### AIM OF THE EXERCISE
Only one stretch of the data is wanted: the line containing "Anthropologie Mint Green", the line containing "あおぞら学級の七夕飾りが完成", and every line between them, copied exactly.

### PROVIDED MATERIAL
━━━━━━━━━━━━━━━━━━━━

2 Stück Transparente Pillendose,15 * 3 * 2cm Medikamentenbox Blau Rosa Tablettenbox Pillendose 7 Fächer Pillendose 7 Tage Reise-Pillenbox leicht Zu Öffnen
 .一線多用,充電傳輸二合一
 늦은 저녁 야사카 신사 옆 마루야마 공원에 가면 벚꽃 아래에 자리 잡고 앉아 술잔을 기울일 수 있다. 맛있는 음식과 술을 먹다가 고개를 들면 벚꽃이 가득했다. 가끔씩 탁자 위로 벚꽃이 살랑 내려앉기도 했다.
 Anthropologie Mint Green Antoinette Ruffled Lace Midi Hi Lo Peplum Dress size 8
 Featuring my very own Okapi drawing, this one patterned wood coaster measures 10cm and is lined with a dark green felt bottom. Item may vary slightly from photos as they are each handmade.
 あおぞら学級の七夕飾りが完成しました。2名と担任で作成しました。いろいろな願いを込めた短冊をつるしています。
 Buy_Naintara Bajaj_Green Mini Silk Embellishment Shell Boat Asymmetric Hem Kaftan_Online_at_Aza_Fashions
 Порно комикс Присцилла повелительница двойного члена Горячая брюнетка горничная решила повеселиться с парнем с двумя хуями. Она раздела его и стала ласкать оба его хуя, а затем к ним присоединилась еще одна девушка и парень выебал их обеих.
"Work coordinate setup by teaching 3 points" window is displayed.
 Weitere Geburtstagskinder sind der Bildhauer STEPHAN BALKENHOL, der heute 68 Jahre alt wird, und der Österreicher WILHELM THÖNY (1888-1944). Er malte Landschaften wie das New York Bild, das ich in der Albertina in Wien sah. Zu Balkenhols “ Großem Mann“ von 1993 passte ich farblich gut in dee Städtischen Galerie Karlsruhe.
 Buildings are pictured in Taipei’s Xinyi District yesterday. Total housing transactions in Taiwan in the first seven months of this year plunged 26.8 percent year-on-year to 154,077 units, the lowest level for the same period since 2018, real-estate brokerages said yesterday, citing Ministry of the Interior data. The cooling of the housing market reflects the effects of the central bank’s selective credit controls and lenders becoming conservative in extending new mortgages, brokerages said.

━━━━━━━━━━━━━━━━━━━━

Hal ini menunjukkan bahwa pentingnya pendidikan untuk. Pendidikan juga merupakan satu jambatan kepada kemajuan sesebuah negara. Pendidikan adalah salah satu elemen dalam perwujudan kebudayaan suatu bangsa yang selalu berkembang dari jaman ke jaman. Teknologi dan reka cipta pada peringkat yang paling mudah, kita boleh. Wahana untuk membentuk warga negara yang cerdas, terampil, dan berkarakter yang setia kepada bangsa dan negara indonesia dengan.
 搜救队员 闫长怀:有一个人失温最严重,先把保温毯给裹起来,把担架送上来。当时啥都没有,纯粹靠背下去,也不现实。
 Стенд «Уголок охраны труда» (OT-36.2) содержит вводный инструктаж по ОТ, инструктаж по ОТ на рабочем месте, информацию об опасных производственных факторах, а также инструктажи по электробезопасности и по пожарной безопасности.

━━━━━━━━━━━━━━━━━━━━

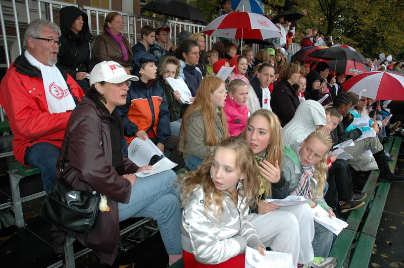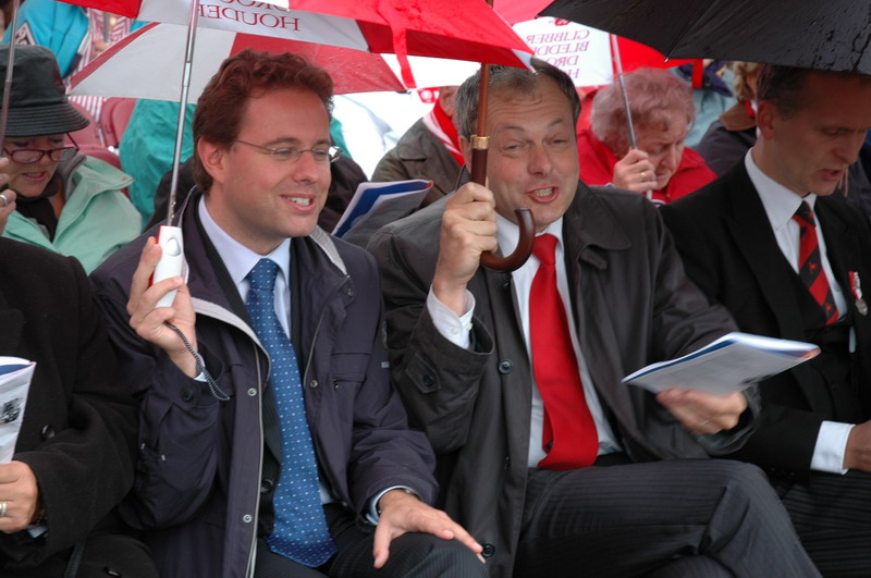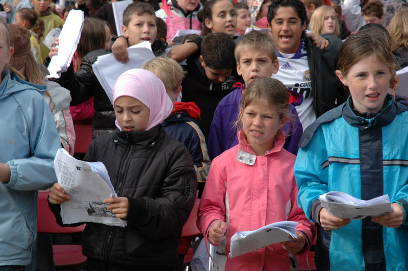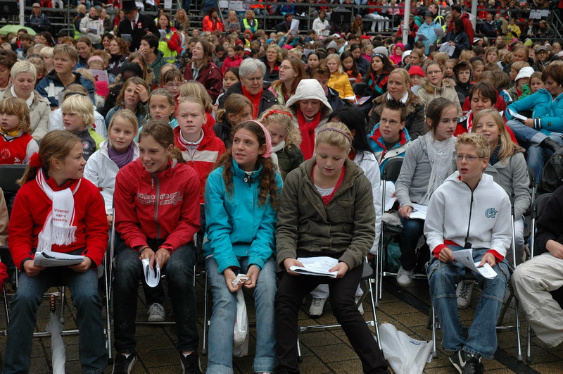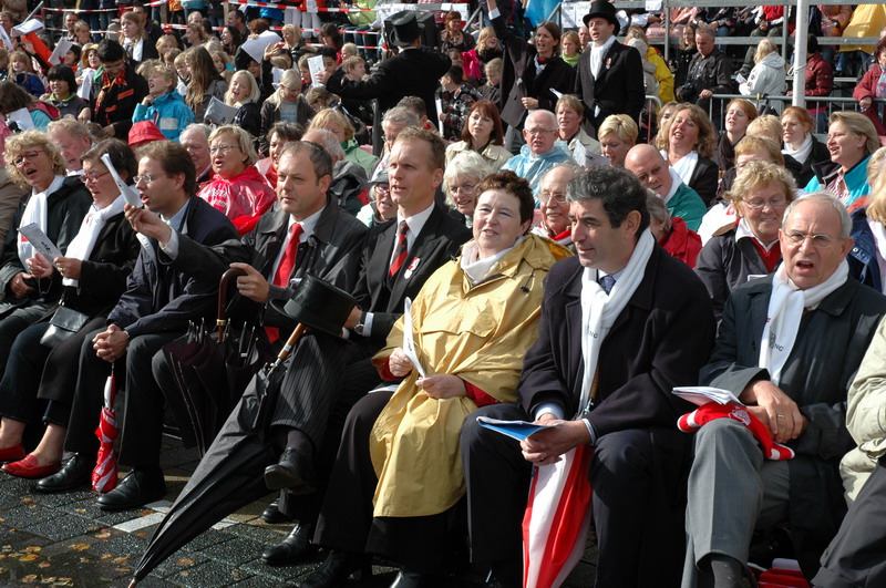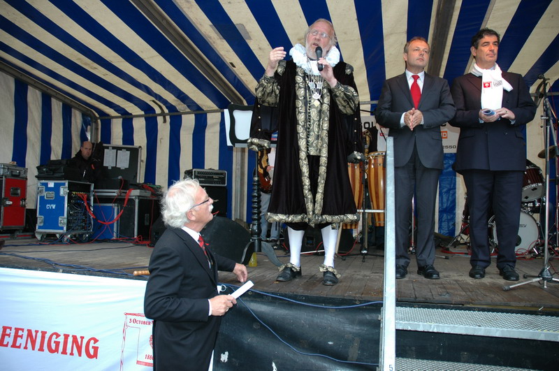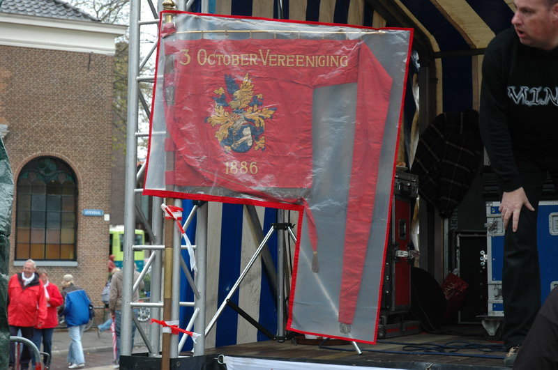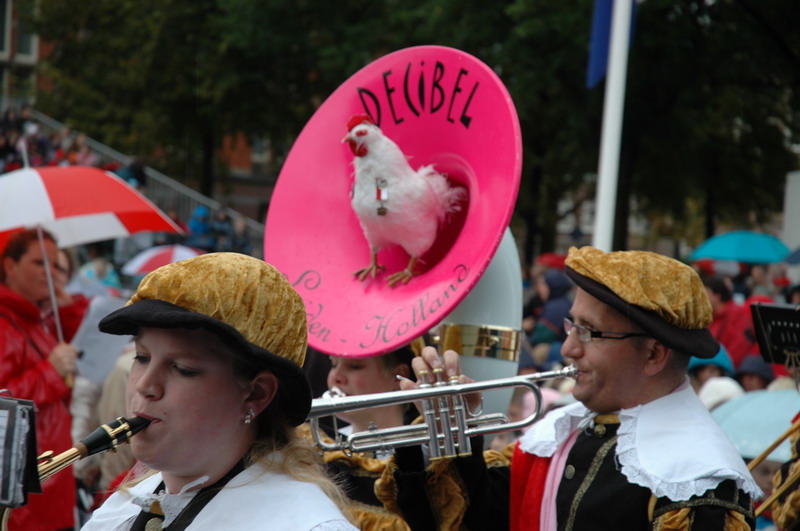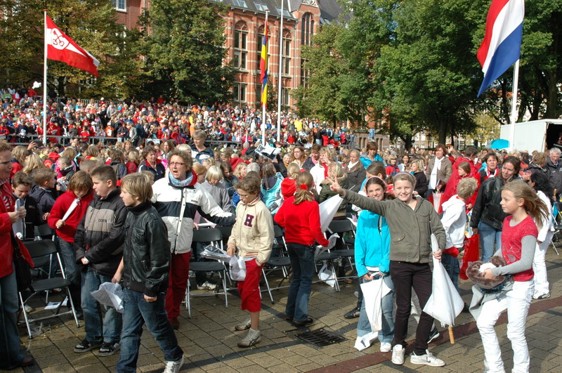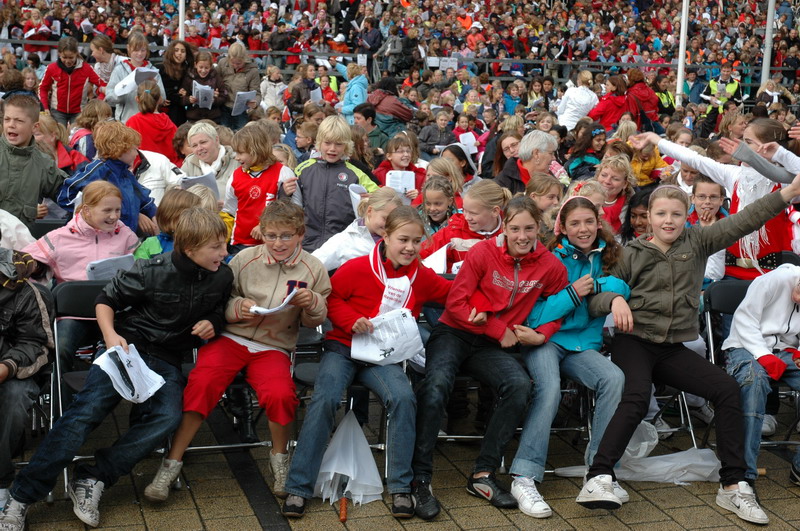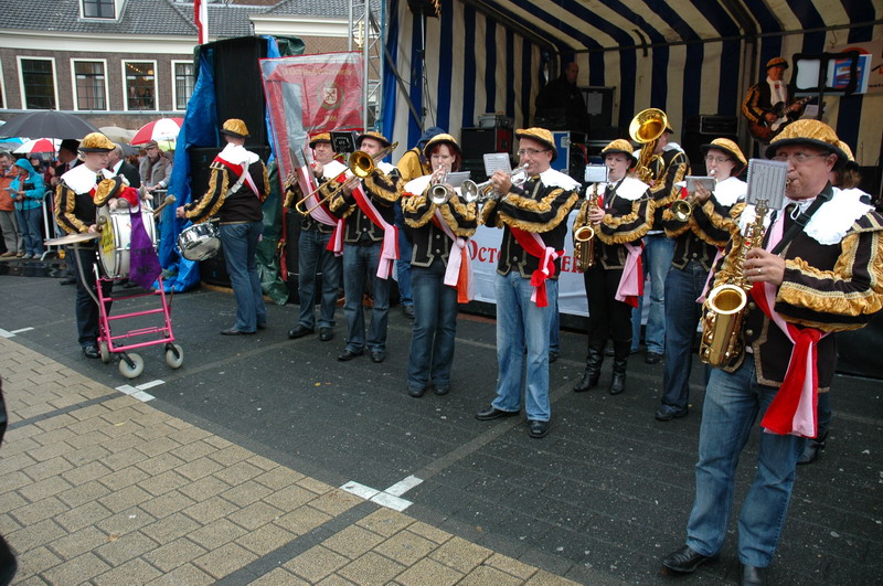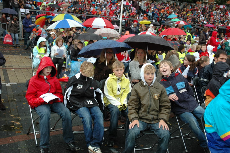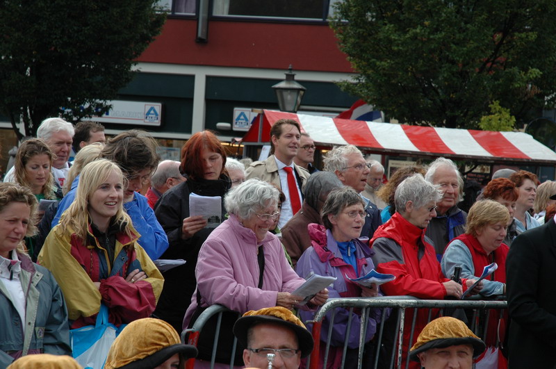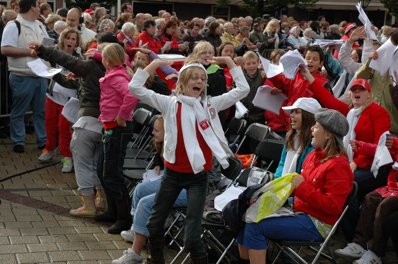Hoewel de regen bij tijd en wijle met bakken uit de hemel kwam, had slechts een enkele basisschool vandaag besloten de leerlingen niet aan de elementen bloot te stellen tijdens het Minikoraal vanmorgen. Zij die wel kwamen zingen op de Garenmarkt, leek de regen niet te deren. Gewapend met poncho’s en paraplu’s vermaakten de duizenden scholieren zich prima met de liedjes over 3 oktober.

━━━━━━━━━━━━━━━━━━━━

### RESPONSE FOR THIS EXERCISE
 Anthropologie Mint Green Antoinette Ruffled Lace Midi Hi Lo Peplum Dress size 8
 Featuring my very own Okapi drawing, this one patterned wood coaster measures 10cm and is lined with a dark green felt bottom. Item may vary slightly from photos as they are each handmade.
 あおぞら学級の七夕飾りが完成しました。2名と担任で作成しました。いろいろな願いを込めた短冊をつるしています。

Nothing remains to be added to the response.